Daniel LAROCHE
Sous le titre Éloge du dépaysement, Nathalie Roelens, professeur à l’université du Luxembourg, nous livre un essai fouillé sur les récits de voyage, de Montaigne à Gracq en passant par Stendhal, auxquels elle oppose le contemporain tourisme de consommation – non sans conclure curieusement sur une apologie de la marche flâneuse… Un moment essentiel dans cet historique : le « Grand Tour » que, leurs études terminées, les fils de riches familles anglaises effectuaient au 18e siècle dans les principales villes du continent, principalement en France et en Italie, en vue d’élargir leurs horizons géographiques, politiques, artistiques et humains. Néanmoins, ce sont bien des écrivains qui, mettant en livres péripéties et impressions, ont donné à cette expérience longtemps élitaire une véritable épaisseur symbolique : « le voyage resémantise les choses, les rend inédites et donc perturbantes à force d’introduire l’insolite dans le prévisible » (p. 75). N. Roelens examine successivement quelques lignes de faîte de ce genre littéraire apparemment mineur, en commençant par l’inévitable intrication entre réel et fiction. Elle dégage ainsi une thèse qui devient peu à peu le fil conducteur de son essai : l’équation entre le voyage physique et la lecture, qui est une évasion mentale.

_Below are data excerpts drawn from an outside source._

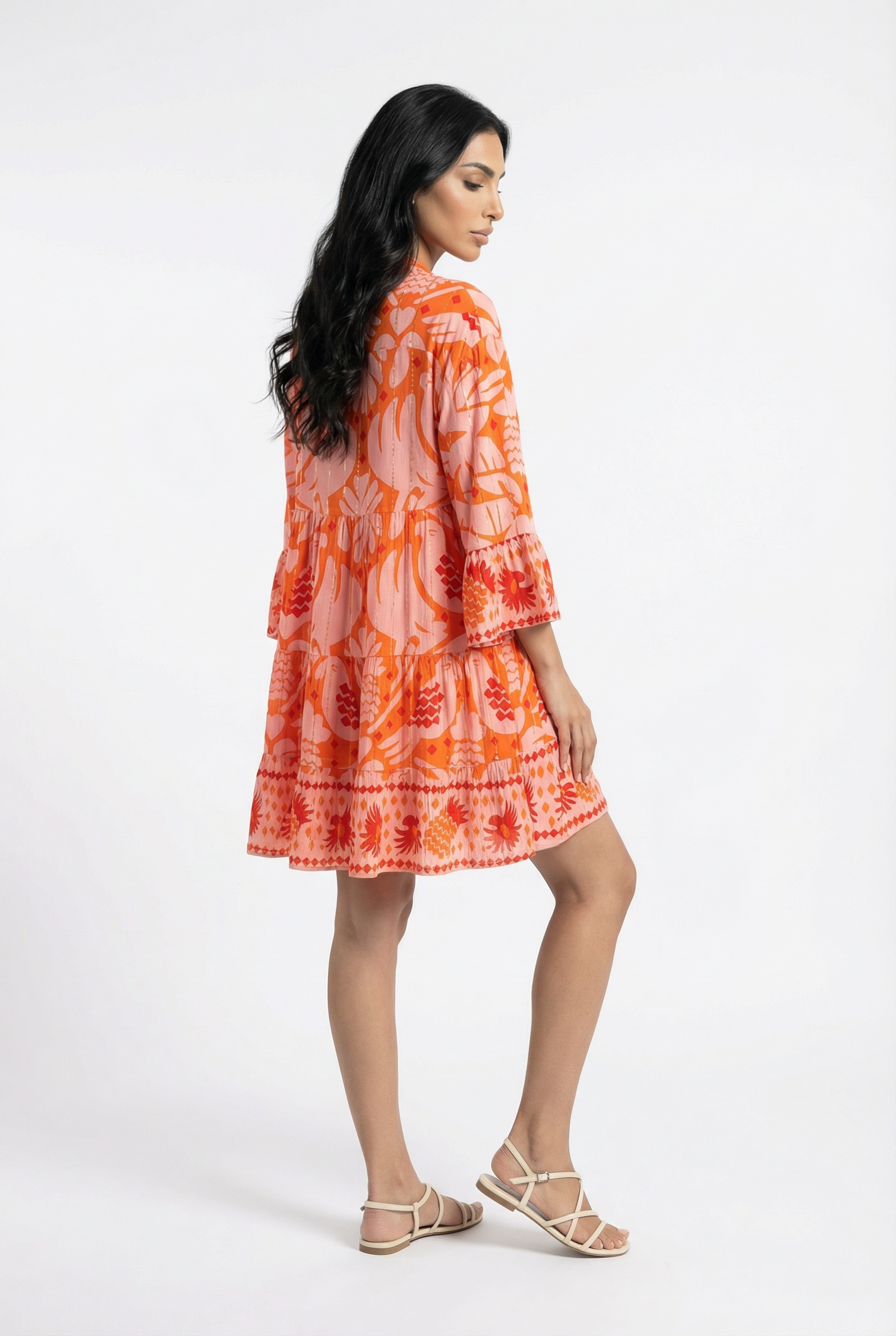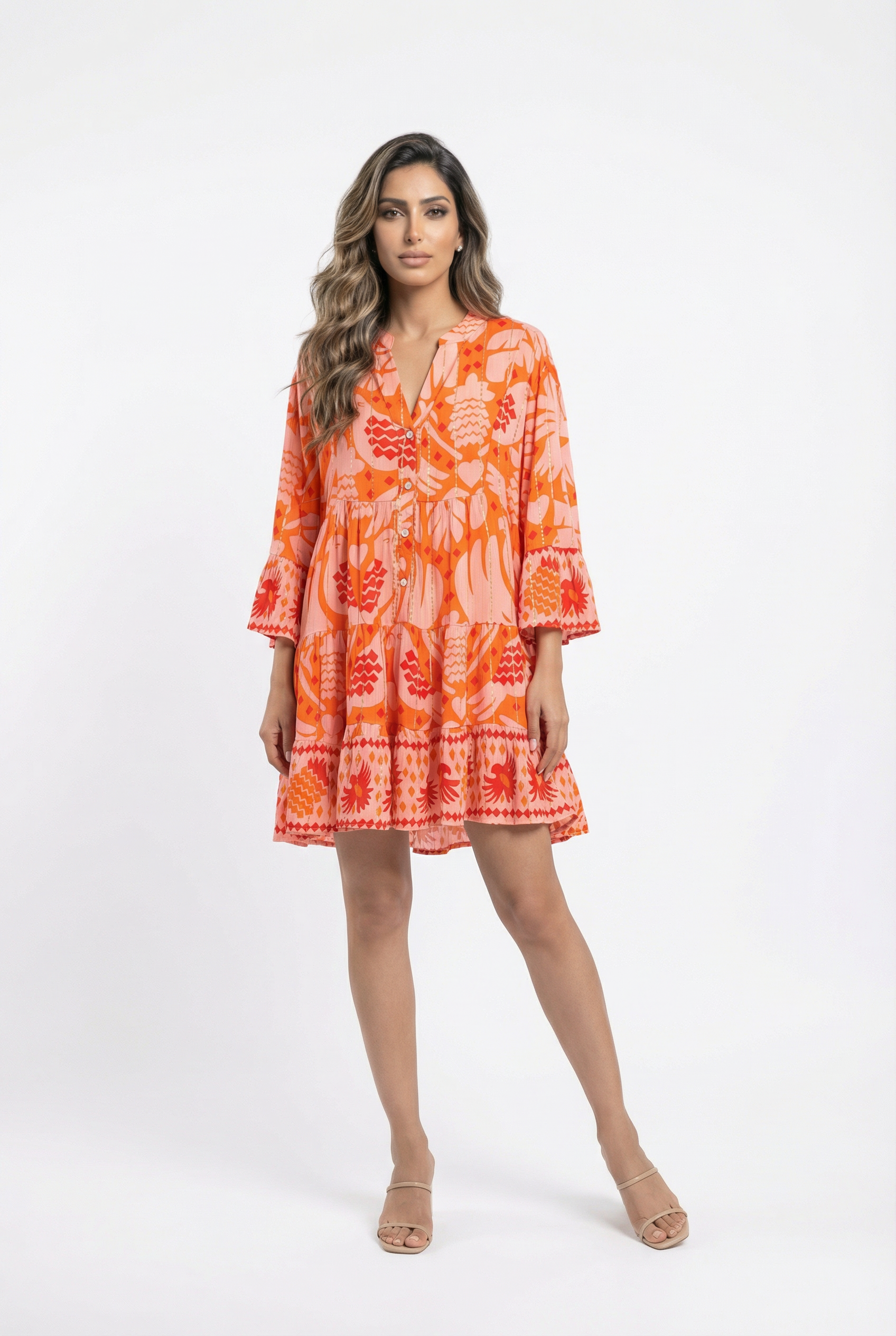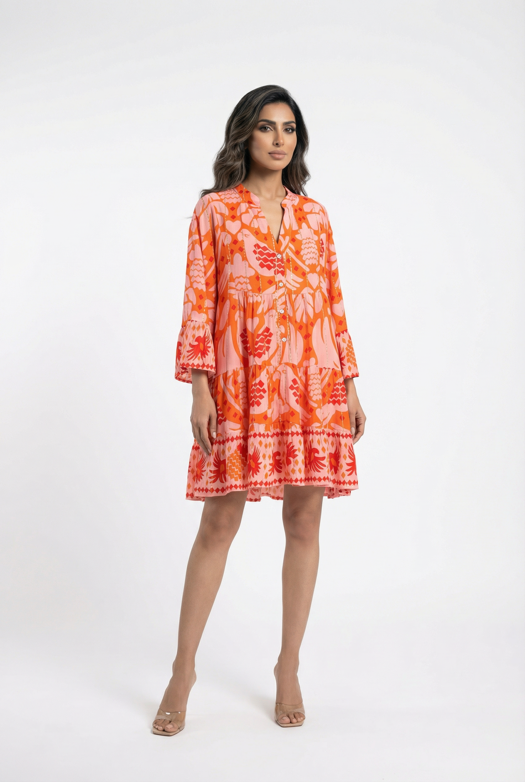 V Round Neck Half Buttoned Printed Flowy Tiered Short Dress with 3/4 bell sleeve
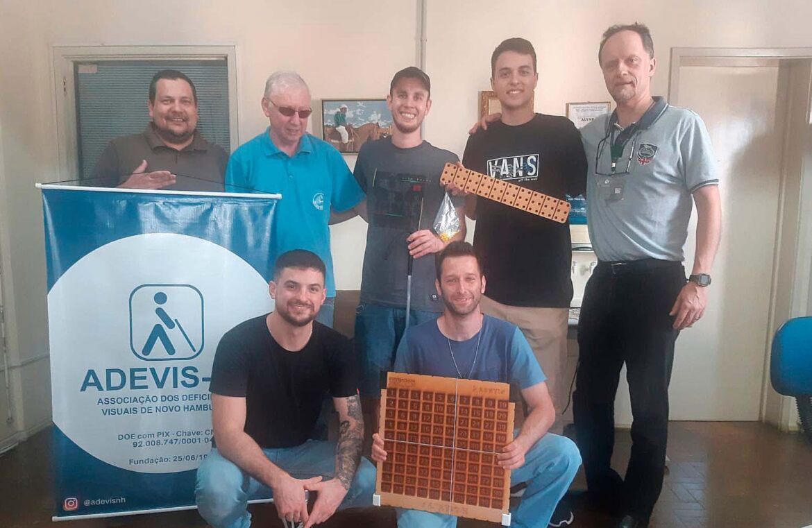 A Associação dos Deficientes Visuais de Novo Hamburgo (Adevis-NH) recebeu nesta terça-feira (6), a doação de novos materiais. Eles foram doados por 12 estudantes da disciplina Projeto de Fábrica, vinculada aos cursos de Gestão da Produção Industrial, Engenharia de Produção e Engenharia Mecânica da Universidade Feevale. Ao todo, foram entregues 12 bengalas, 12 alfabetos pedagógicos e 12 peças de calculadora para deficientes.
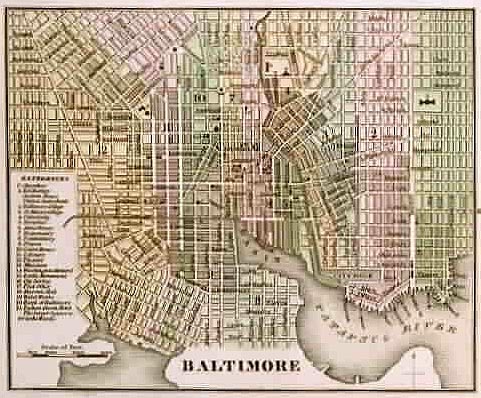 Detail of Baltimore from A new map of Maryland and Delaware with their canals, roads, & distances, by Henry Schenk Tanner, Philadelphia, 1833 [1836] (Map Collection, Maryland State Archives, MSA SC 1427-1-108).
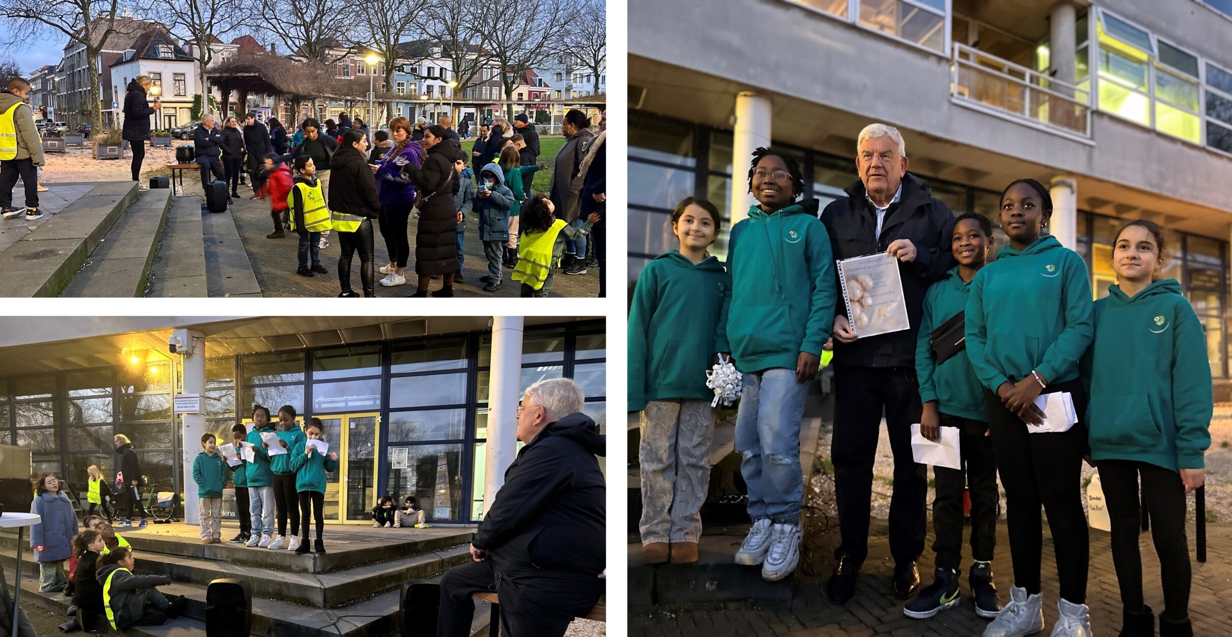Vertrek richting het Helena van Doeverenplantsoen. Woon er een activiteit bij van de Jeugdhaven van stichting Jeugdwerk. Zij houden de kinderen bezig met allerlei activiteiten en dat laten ze vol trots zien. Veiligheidsregisseur Dilara Çakir wacht me op ter hoogte van het Johan de Witt College aan de Glasblazerlaan en neemt me mee. Zie het opgeknapte plantsoen met meer zicht en minder donkere plekken. Leden van de kinderraad Vreedzaam Den Haag spreken me toe. Onder anderen Josephina en Sama vertellen over wat ze allemaal gedaan hebben zoals flessenacties, zomerkamp en opruimacties. Ze wensen de aanwezigen toe dat we voor elkaar zorgen. Een mooie gedachte voor het nieuwe jaar. Dank de medewerkers Peter Holsteijn (stichting Jeugdwerk) en Ageeth Smith (coördinator vreedzame wijk) voor hun inzet.
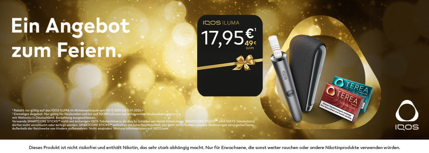Du interessierst dich für IQOS? Als einer der führenden autorisierten Händler in Deutschland bieten wir dir nicht nur die neuesten IQOS-Geräte, sondern auch das komplette Sortiment an HEETS und TEREA Sticks. Vom IQOS ILUMA PRIME über den IQOS ILUMA ONE bis hin zur ganz neuen IQOS ILUMA i wir alle Modelle vorrätig. Und zwar in verschiedenen Farben, damit du das Design wählen kannst, das zu dir passt.
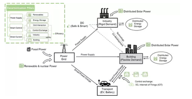 建筑、工業、交通電氣化加速過程中,技術的進步會打破各自的領域邊界,實現跨學科、跨領域協同發展。建筑與交通之間,城市內客運、城市間客運甚至貨運都呈現出較強的電氣化趨勢,一方面電池技術的進步和成本的下降會促進分布式儲能在建筑終端的普及應用;另一方面電動車本身的儲能通過雙向變換有可能成為建筑分布式儲能的有機組成部分(BVB)。建筑與工業之間,一方面傳統高耗能行業伴隨經濟結構調整和大宗物資的循環利用,電能替代和利用直流控制具有廣闊的空間;另一方面高端制造業將在材料科學、應用科學方面為直流在建筑中應用和智慧化奠定很好的基礎。此外,分布式光伏建筑應用將成為太陽能光伏應用的主戰場,建筑直流化發展也與照明、智慧終端、數據中心等產業發展密切關聯。通過建筑、工業、交通的綜合解決方案,推動城市能源結構轉型,對減緩電力供應峰谷差和溫室氣體排放將起到至關重要的作用。
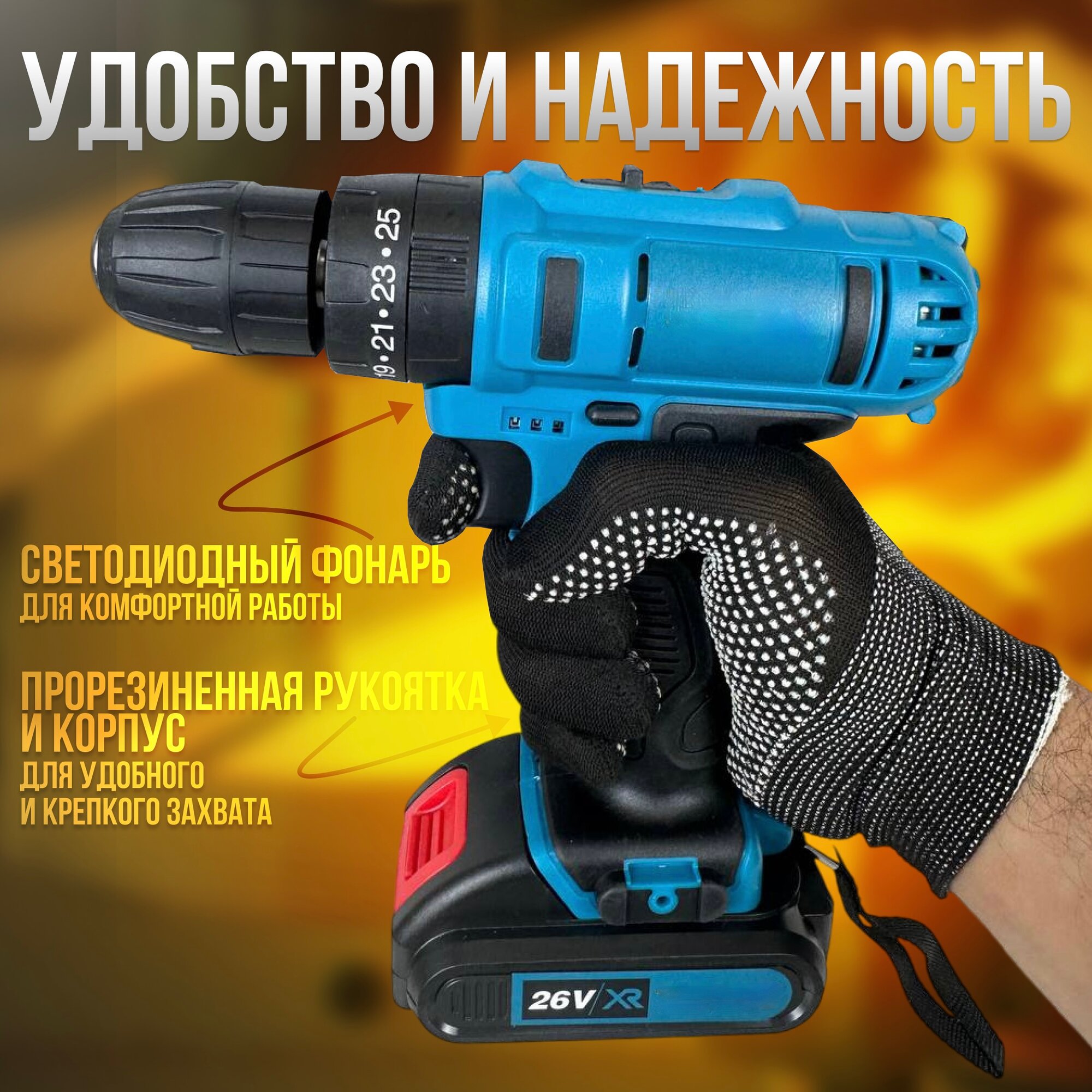 Отзывы на Шуруповерт аккумуляторный 26V дрель с набором инструментов 2 АКБ в кейсе

Plusieurs thèmes-clés sont étudiés successivement, dont le franchissement initiatique de la frontière ou du seuil topographique, avec la déstabilisation qu’il engendre chez le voyageur, qu’il s’agisse de traversée maritime, du passage des Alpes chez Stendhal, des gares chez Proust. Il y a aussi – surtout – la question des différences culturelles, où s’avive la dialectique du même et de l’autre. Ignorance de la langue locale, ethnocentrisme et stéréotypes constituent une sorte de cache qui, de la région ou de la ville visitée, ne livre qu’une appréhension tronquée ou faussée ; ainsi Montaigne tance-t-il ses compatriotes incurieux, tandis que La Fontaine dénonce le chauvinisme français et que Mme de Staël épingle les préjugés Nord-Sud. Hormis l’attrait pour les « curiosités » naturelles ou architecturales – en ce compris le pillage des œuvres d’art ou la sauvegarde du patrimoine –, l’intérêt des voyageurs se concentre sur le comportement des habitants et les relations humaines, dont le motif de l’hospitalité offre un point de condensation notable. L’analyse de N. Roelens le démontre de façon convaincante : le voyageur qui n’exerce pas sur lui-même un travail critique se condamne à une perception superficielle de l’étranger, que résume bien le terme d’« exotisme ».
« Le dépaysement réel ne commencera que lorsqu’on reniera (temporairement du moins) ses origines » (p. 131), ce dont témoignent les héros de Aziyadé (Loti) ou de Graziella (Lamartine), sans oublier Montaigne devenu romain, Stendhal milanais ou Dumas napolitain. Perdant peu à peu son statut de corps étranger, le résident s’abandonne au processus à la fois rare et complexe du « devenir-autre », lequel n’est d’ailleurs pas dépourvu d’ambigüité, dans la mesure où le voyage est avant tout une quête du moi. Ainsi, pour le riche Barnabooth mis en scène par V. Larbaud, le périple en Italie consiste surtout à se libérer des fortes contraintes morales et sociales qui l’entravaient, entreprise facilitée par le cosmopolitisme du personnage. La question qui se pose ici est la délicate distinction entre l’identité culturelle, qui résulte du milieu et de l’éducation, et l’identité personnelle, liée à l’histoire secrète sinon inconsciente de l’individu : sauf cas exceptionnel, seule la première est de nature à se trouver modifiée par le « dépaysement » – alors que, de son côté, le tourisme de consommation laisse le voyageur inchangé… Délaissant la démarche de l’analyse littéraire, le livre s’achève toutefois sur une promotion de la flânerie pédestre à proximité de chez soi, sorte de « post-tourisme » (p. 187) ou de « tourisme créatif » (p. 199) qui vise à retrouver le surprenant au sein de l’environnement banal.
Ce parcours d’un indéniable intérêt est hélas encombré d’une érudition envahissante, qui nuit souvent à la clarté du propos, notamment en ce qui concerne les références théoriques. Un simple chiffre : les notes bibliographiques en fin de volume sont au nombre de 973… Quant au style de l’exposé, il n’a pas toujours l’élégance et la limpidité qu’on aurait souhaitées ; de plus, le texte est émaillé de très nombreuses coquilles, laissant l’impression que la finition de l’ouvrage fut quelque peu précipitée. Nul doute qu’une réédition éventuelle permettrait de remédier à ces quelques défauts.
Nathalie ROELENS, Éloge du dépaysement. Du voyage au tourisme, Paris, Kimé, 2015, 237 p.